Even if only a small percentage (e.g. <2%) click on the and, and then a similar small percentage actually buy anything after clicking, you are still making money so long as the cost-per-conversion (i.e. per sale) comes out low enough that you still make a profit. Spending $3-5 to make a sale in say a pair of shoes that retails at $100 with a profit margin of $30-40 is good business.

People are making huge amounts of money/doing huge amounts of business directly as a result of the ads, and that is not just Google and Facebook, but everyone all the way down to little mom and pop businesses.

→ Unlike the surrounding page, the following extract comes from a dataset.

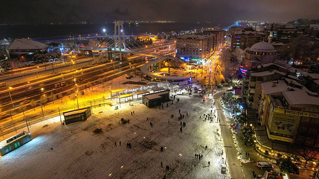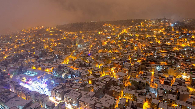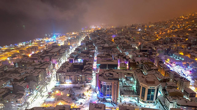 Kocaeli'de cuma günü akşam saatlerinde etkisini gösteren yoğun kar yağışı kenti beyaza bürüdü. Önemli kış turizmi destinasyonlarından Kartepe'nin zirvesinde kar kalınlığı 3 metreye yaklaşınca tatilciler ise karın keyfini sürmeye başladı. Dört mevsim ayrı bir güzelliğe bürünen Kocaeli'de akşam saatlerinde çekilen kış fotoğrafları da hayranlık uyandırdı. Kar ve şehrin ışıklarının birleştiği kış güzelliği, dron ile havadan da görüntülendi.
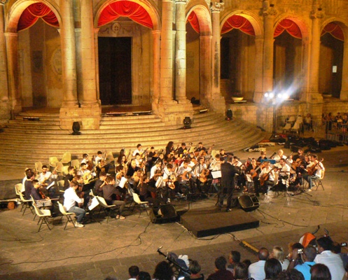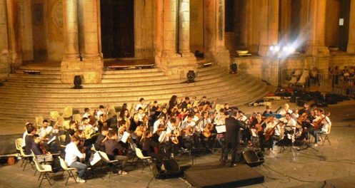 News Noto: un’orchestra di chitarre per il gran finale della quarta edizione di “Tiempo de guitarras”. Piazza Municipio a Noto ha ospitato domenica sera l’evento conclusivo del Festival internazionale della chitarra promosso dall’associazione “Musica & arte” in collaborazione con il Comune. Chitarristi di diverse fasce di età, giovanissimi, ma anche adulti, insegnanti di chitarra, provenienti da varie parti della Sicilia e non solo, che si sono misurati sulle note di grandi classici della musica, diretti da Vito Nicola Paradiso. Un evento originale, un’occasione, come ha detto Paradiso, per i giovani per imparare a suonare insieme ad altri e misurarsi in un esperimento che vuole mettere in risalto il vantaggio della condivisione e del fare musica insieme. Tanti brani suonati: dalle colonne sonore di alcuni film, tra i più noti “Moon river” da “Colazione da Tiffany”, ma anche le note da “Il cacciatore”, per poi passare al tango argentino, ai brani dello stesso Paradiso, che in questi anni ha diffuso il suo metodo “La chitarra volante” per imparare a suonare ad ogni età.

When you track things down to the level of sales it very often works (not always - depends on products/business models etc), and that is why people are using online ads. AdWords and Facebook ads would have fizzled out years ago if people were not benefiting from advertising their business



The problem with this kind of accounting is that it doesn't consider whether the ad was really necessary to make a sale in the first place.

With a lot of brand keyword advertising, companies are paying for people to click an ad when they were already looking for your website anyway. So spending $3 on that customer is not a $27 profit but rather a $3 loss....


While buying your product name (or your competitor) is sometimes the case, this isn't the main source of volume in your pipeline.

And it's still a $27 profit, even if it is possible you could have saved money.

Most of the time a well-optimised PPC pipe looks for specific (non-brand) keywords and buys them, not just the product name.


Lets say it costs $3 to acquire a customer on average. And your margin is $30. That sounds good.

Now do an experiment. Stop your ads.

Do your sales go down 100%? In that cost the $3 cost was definitely justified.

Do your sales go down 50%? That means you actually paid $6 to acquire a customer, not $3. Still sounds like a reasonable deal since you still make $24 profit, but other channels might be more profitable.

Do your sales go down 10%? Then only one in 10 customers actually converted because of the ad, and you are paying $30 to acquire a customer and it would be better to stop the campaign. Google is just showing ads to people that would buy your stuff anyway. (Side note: I think this is a big problem with retargeting. You are paying to show ads to people that are already very likely to buy your stuff -- or even worse, who have bought it already. But conversion rates are really high!)

(To be fair, this is speculation and not based on experience with adwords. My only experience with adwords was a $100 campaign I made a few years back with promotional credit that resulted in no conversions)


While I agree that ads often are very effective, no it is just a $3 cost in some cases. Your ads can cannibalize on tge revenue from other, possibly cheaper, channels.